(Exercise materials)
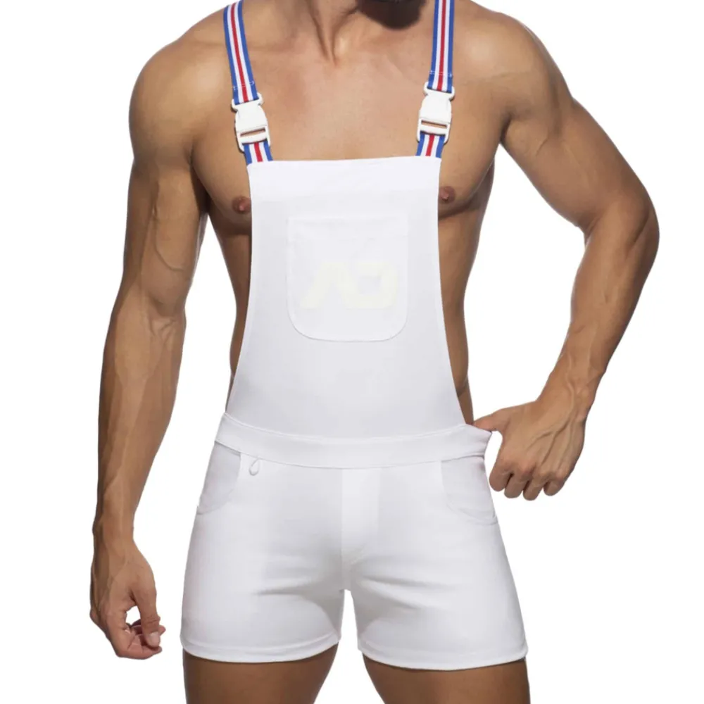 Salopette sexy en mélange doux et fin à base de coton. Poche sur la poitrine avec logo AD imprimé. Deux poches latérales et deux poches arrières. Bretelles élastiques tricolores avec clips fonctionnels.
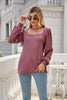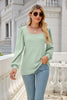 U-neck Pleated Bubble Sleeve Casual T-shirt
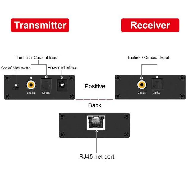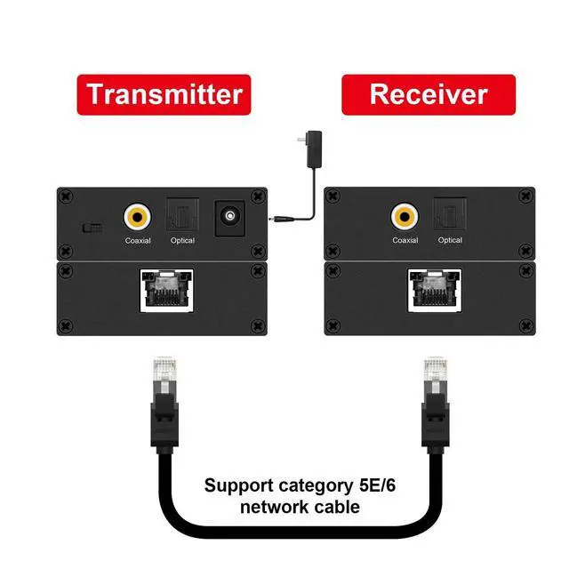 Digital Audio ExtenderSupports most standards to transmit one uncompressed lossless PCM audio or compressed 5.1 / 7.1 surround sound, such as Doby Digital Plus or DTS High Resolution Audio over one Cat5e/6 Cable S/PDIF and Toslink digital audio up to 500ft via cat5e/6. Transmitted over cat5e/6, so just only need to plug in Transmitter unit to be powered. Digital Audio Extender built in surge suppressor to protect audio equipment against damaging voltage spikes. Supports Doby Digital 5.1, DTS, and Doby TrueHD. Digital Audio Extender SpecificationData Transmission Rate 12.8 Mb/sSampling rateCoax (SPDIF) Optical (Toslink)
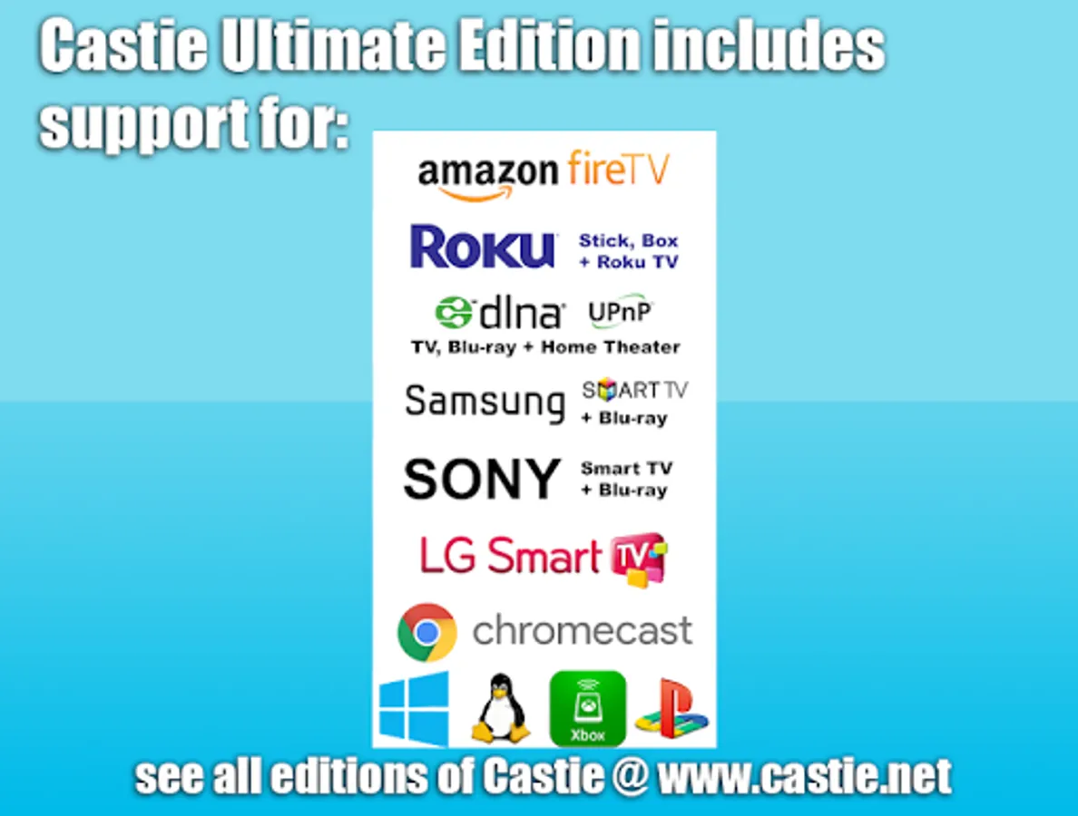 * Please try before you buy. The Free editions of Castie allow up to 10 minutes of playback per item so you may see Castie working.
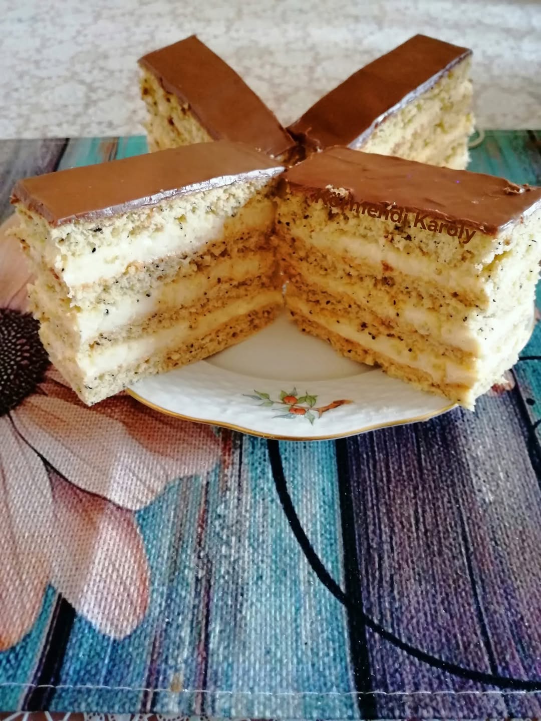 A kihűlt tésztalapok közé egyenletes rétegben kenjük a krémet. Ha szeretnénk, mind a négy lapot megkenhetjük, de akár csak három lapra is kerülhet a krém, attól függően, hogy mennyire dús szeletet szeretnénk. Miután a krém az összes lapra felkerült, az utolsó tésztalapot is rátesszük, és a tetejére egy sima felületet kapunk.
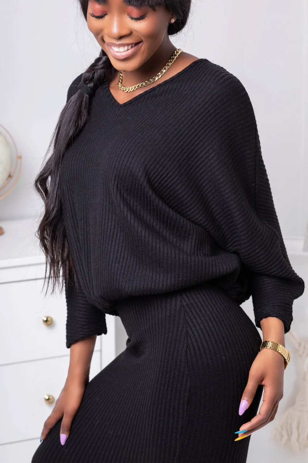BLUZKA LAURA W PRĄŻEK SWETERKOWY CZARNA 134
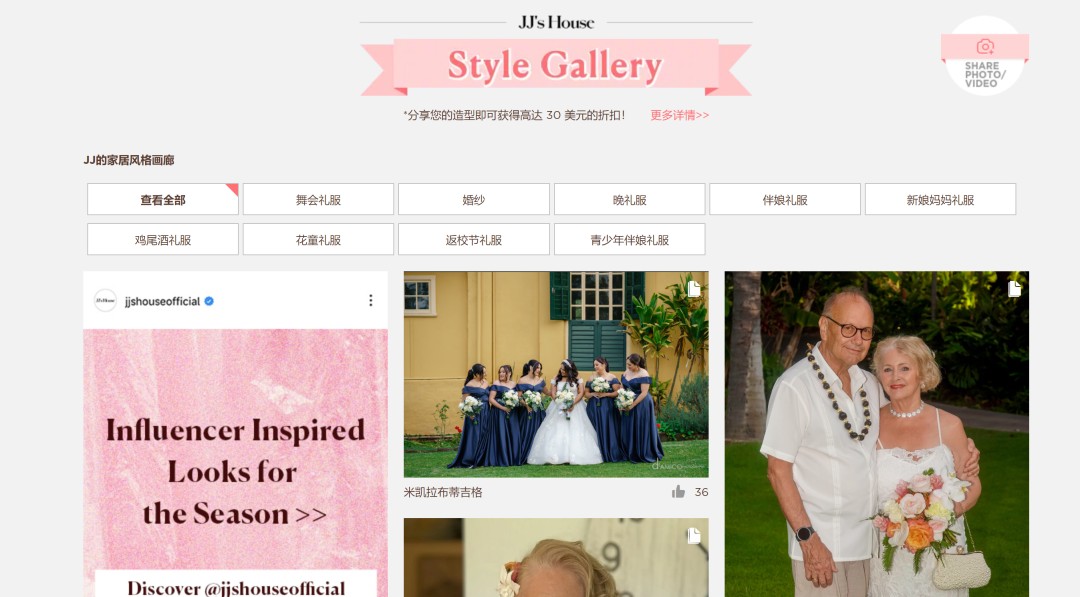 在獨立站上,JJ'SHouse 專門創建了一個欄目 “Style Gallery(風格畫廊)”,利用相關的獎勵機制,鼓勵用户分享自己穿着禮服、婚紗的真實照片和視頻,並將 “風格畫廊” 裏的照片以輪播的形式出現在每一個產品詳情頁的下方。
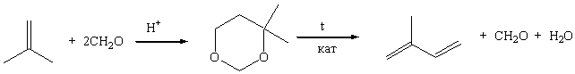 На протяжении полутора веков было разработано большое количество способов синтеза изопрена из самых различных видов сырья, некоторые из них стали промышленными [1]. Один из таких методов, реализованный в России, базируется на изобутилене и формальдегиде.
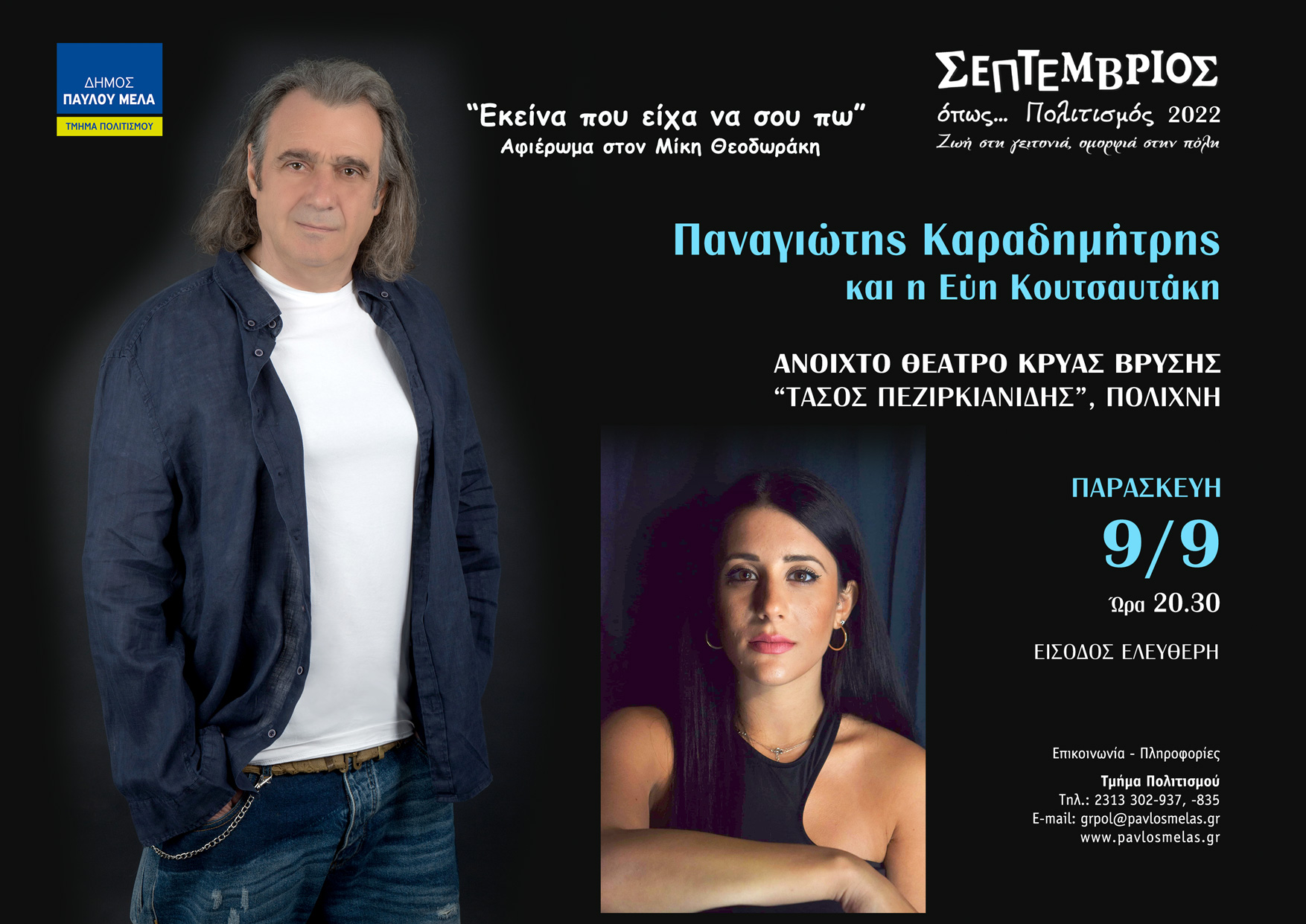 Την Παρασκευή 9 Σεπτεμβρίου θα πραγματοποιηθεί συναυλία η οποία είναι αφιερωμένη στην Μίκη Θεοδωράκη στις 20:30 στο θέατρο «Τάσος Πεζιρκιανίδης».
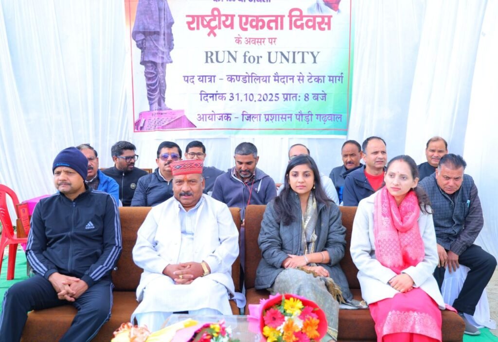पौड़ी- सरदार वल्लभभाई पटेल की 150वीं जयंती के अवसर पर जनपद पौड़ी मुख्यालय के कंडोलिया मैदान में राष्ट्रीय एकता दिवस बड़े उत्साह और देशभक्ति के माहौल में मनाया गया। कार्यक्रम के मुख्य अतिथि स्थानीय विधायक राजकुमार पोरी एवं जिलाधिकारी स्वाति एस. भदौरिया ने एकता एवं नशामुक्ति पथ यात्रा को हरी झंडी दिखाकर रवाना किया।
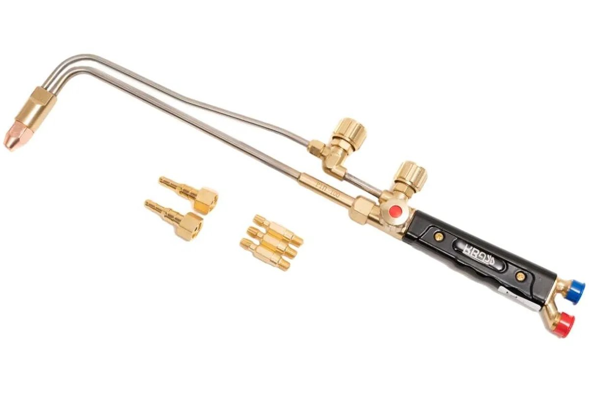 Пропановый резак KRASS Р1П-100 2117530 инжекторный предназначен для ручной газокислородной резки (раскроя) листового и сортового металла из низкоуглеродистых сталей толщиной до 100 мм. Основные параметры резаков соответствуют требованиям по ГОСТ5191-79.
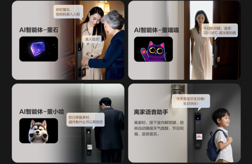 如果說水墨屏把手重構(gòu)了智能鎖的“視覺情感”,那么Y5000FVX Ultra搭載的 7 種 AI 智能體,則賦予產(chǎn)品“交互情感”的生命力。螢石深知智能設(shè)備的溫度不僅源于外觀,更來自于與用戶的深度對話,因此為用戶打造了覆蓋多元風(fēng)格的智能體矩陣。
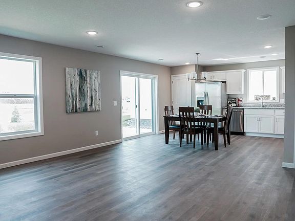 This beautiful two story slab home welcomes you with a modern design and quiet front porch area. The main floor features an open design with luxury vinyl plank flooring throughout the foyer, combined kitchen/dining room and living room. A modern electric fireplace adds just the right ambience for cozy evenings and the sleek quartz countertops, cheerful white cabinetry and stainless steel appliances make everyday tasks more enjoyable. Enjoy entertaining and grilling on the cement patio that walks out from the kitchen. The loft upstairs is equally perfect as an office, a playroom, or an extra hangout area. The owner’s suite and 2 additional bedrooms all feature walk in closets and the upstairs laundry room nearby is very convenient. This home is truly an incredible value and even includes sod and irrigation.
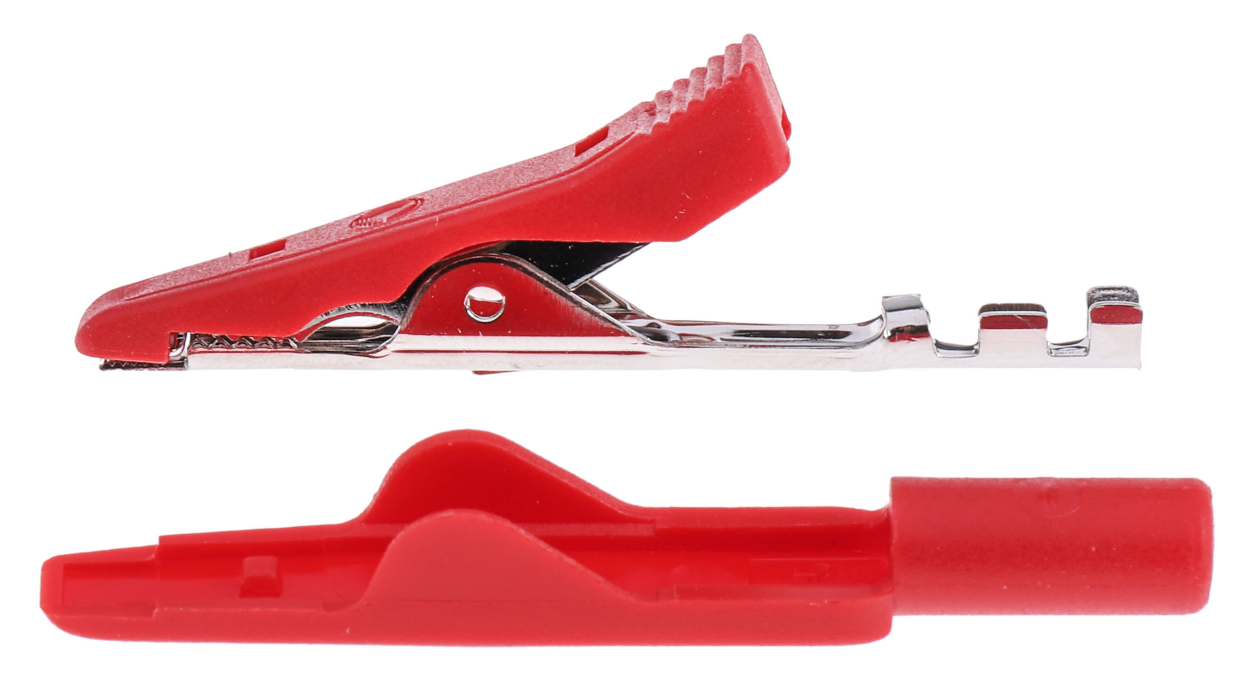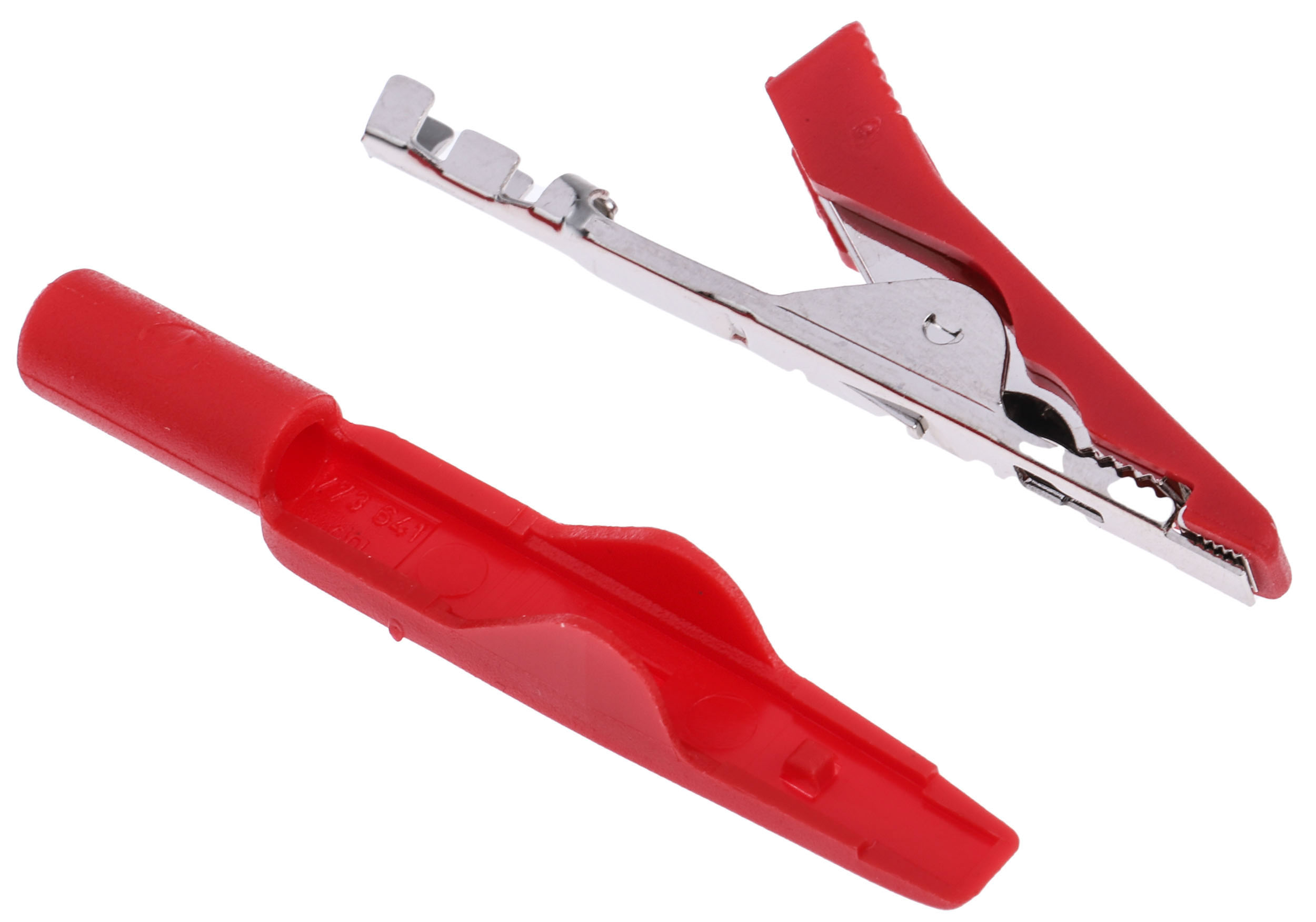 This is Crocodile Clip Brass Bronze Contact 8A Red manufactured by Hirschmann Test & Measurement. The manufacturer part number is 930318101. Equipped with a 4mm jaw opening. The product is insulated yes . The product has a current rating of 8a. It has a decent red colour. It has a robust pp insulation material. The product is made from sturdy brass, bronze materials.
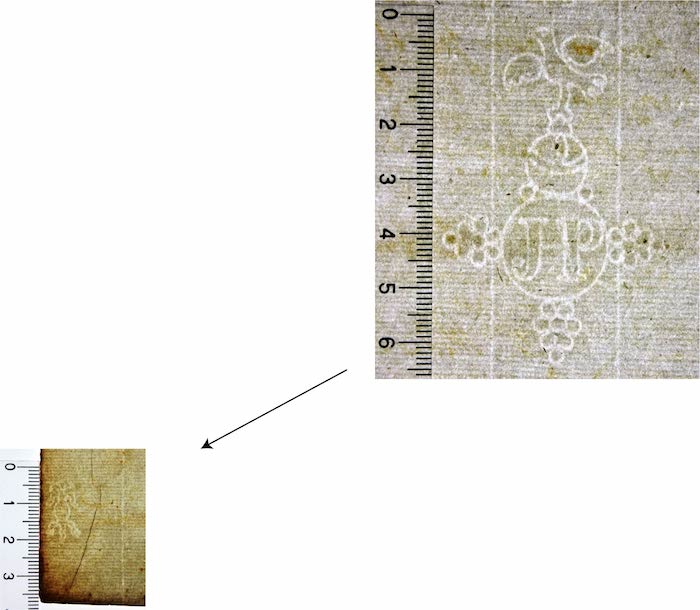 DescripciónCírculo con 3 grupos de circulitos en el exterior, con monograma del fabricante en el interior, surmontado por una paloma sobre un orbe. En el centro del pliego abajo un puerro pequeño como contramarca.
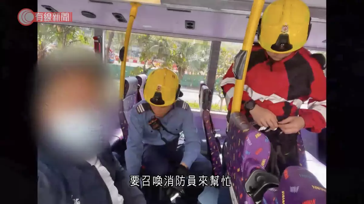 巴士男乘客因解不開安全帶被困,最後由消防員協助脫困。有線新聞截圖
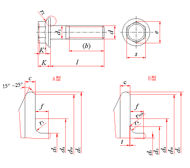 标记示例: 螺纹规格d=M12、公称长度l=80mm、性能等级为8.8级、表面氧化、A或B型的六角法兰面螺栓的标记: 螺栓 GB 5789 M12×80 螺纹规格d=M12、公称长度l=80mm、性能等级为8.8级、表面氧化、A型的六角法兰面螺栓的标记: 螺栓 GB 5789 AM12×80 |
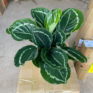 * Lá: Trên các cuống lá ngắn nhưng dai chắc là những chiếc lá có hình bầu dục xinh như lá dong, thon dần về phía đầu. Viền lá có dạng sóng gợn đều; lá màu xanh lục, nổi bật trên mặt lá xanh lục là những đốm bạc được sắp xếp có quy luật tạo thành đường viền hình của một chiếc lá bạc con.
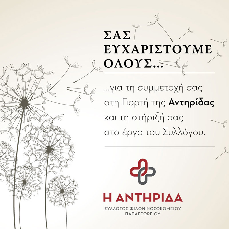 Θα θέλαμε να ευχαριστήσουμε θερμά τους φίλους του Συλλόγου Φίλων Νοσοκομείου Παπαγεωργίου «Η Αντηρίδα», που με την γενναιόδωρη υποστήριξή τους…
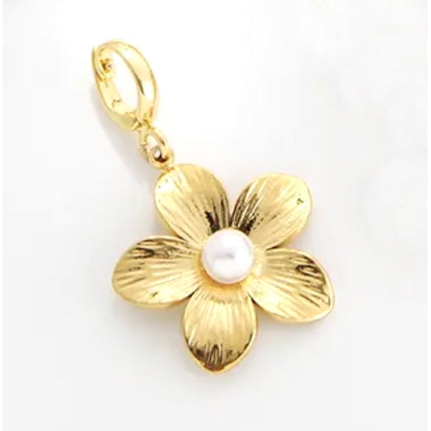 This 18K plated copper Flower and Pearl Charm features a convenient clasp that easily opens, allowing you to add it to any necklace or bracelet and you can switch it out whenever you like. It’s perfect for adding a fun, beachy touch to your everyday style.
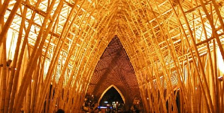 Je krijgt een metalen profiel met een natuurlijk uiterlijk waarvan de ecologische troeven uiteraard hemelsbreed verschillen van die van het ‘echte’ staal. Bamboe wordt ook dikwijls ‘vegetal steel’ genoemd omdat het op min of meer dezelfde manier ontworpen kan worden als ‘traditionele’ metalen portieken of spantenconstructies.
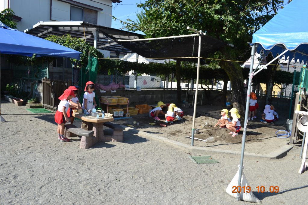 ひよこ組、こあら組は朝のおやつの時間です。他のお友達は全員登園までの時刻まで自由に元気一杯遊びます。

(Problem description) Could you write out exactly the lines of the data above that run from the one holding "巴士男乘客因解不開安全帶被困,最後由消防員協助脫困。有線新聞截圖" to the one holding "标记示例: 螺纹规格d=M12、公称长度l=80mm、性能等级为8.8级、表面氧化、A或B型的六角法兰面螺栓的标记: 螺栓", with both ends in and all pictures out?

(Solution to the problem)
 巴士男乘客因解不開安全帶被困,最後由消防員協助脫困。有線新聞截圖
 标记示例: 螺纹规格d=M12、公称长度l=80mm、性能等级为8.8级、表面氧化、A或B型的六角法兰面螺栓的标记: 螺栓 GB 5789 M12×80 螺纹规格d=M12、公称长度l=80mm、性能等级为8.8级、表面氧化、A型的六角法兰面螺栓的标记: 螺栓 GB 5789 AM12×80 |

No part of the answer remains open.